La costituzione e quindi il riconoscimento di un distretto partono dall’iniziativa degli operatori economici. Uno o più soggetti stimolano, infatti, un processo consultivo e concertativo teso a coinvolgere gli altri attori interessati: Enti locali e altre pubbliche amministrazioni, sindacati, rappresentanti delle categorie imprenditoriali, istituti di credito, ecc.. A tale processo segue la richiesta ufficiale di costituzione del distretto che prevede la presentazione di un Progetto di Sviluppo settoriale o locale e del partenariato sottoscrittore di tale progetto. Il riconoscimento, a seconda della normativa regionale, viene fatto dalla Regione o dalla Provincia. La soluzione, se prevista, dalle normative regionali per la gestione del distretto è rappresentata dalla

costituzione di Comitati di distretto composto dai diversi attori socio- istituzionali locali coinvolti.

La normativa regionale relativa ai distretti agro-alimentari e rurali è pienamente in linea con quella dei distretti industriali. Essa prevede quindi la partecipazione degli imprenditori e di tutti quei soggetti che in qualche modo possono contribuire allo sviluppo dell’attività produttiva. Naturalmente è prevista anche la partecipazione delle organizzazioni professionali agricole e agro-alimentari in qualità di rappresentanti dei produttori.

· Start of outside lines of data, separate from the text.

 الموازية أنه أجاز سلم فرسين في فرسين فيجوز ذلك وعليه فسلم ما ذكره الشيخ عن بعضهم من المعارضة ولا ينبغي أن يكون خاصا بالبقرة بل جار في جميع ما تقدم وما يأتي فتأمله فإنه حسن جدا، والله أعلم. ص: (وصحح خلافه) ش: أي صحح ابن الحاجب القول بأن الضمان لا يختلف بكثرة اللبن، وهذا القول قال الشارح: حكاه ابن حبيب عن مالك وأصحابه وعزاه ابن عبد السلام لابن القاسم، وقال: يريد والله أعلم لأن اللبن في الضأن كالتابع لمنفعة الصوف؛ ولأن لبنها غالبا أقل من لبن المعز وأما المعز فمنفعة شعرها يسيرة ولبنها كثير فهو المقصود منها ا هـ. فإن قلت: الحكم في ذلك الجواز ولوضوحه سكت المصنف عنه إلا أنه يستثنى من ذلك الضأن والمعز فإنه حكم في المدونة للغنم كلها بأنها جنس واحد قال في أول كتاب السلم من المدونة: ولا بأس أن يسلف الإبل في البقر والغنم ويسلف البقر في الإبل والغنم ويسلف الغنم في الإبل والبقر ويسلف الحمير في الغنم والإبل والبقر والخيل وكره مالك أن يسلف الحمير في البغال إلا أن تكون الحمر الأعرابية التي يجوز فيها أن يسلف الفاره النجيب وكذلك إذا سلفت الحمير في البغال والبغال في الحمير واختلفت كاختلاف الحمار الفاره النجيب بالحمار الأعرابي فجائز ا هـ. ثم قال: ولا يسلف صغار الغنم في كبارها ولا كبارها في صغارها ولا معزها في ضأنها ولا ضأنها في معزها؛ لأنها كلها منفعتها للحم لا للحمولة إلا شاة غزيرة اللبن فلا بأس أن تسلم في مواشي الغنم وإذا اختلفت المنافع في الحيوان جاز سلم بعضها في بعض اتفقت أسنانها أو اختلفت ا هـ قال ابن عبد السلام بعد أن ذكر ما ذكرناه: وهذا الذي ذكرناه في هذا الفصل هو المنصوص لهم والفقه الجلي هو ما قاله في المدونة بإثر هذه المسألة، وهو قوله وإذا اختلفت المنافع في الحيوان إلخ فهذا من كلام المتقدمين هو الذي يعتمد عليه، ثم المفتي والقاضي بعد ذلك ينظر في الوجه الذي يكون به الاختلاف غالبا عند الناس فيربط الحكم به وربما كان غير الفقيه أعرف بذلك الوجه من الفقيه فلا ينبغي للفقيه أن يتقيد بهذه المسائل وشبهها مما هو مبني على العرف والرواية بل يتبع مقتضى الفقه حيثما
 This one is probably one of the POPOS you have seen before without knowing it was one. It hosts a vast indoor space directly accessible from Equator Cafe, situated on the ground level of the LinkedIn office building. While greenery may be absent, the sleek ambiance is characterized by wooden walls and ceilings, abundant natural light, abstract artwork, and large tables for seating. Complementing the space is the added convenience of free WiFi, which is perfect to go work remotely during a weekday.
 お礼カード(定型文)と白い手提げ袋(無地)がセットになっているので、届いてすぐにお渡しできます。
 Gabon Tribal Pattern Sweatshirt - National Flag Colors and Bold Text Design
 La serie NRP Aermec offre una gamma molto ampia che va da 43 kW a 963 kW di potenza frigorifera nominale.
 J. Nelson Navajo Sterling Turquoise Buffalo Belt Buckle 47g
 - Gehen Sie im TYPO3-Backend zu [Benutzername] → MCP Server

Il distretto rurale prevede una maggiore partecipazione delle componenti sociali, essendo caratterizzato da finalità di sviluppo che riguardano la comunità locale in senso ampio e non spiccatamente produttive.

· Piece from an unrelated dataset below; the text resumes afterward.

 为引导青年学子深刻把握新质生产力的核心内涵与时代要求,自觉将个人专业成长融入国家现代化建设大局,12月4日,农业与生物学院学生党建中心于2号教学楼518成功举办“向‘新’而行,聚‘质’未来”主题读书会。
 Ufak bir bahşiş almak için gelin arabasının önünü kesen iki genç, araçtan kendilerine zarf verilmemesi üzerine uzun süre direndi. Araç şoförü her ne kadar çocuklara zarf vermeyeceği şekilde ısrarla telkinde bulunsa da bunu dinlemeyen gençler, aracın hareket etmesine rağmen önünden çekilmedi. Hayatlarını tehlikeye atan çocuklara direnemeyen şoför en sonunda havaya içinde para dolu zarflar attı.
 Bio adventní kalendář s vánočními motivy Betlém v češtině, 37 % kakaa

I punti di forza dell’esperienza distrettuale sono molteplici. In particolare, la creazione di distretti favorisce:

- la creazione di relazioni (reti) sistematiche tra aziende, riguardo a prodotti, processi di produzione, tecnologie, fabbisogni produttivi, risorse umane e canali di distribuzione comuni e/o complementari

- la partecipazione delle aziende a processi di sviluppo complessivo del territorio

- la generazione di esternalità, alcune delle quali fortemente significative in un contesto economico in crescita: riduzione dei costi di transazione e di produzione (es.: costi di approvvigionamento), promozione della diversificazione produttiva, specializzazione e caratterizzazione dei servizi, professionalità, accesso a conoscenze e competenze, aggregazione di interessi e bisogni

- il potenziamento della relazioni tra imprese, rappresentanze economiche e sociali e soggetti

- il rafforzamento delle posizioni contrattuali dei produttori primari nei confronti del settore commerciale e industriale, accrescendo la garanzia reciproca sugli impegni di conferimento e acquisto

- lo sviluppo delle pratiche di concertazione tra gli interessi imprenditoriali e gli interessi della comunità civile, attraverso la rappresentanza degli Enti locali

- la creazione di strategie condivise di sviluppo imprenditoriale e territoriale - il rafforzamento della comunicazione tra produttori e soggetti intra

(trasformatori, commercianti, ecc.) ed extra filiera (Consorzi di Bonifica, credito, ricerca, servizi pubblici, ecc.)

- la creazione di opportunità per l’avvio di nuova imprenditorialità, in particolare nei segmenti intersettoriali poco sviluppati in ambito distrettuale.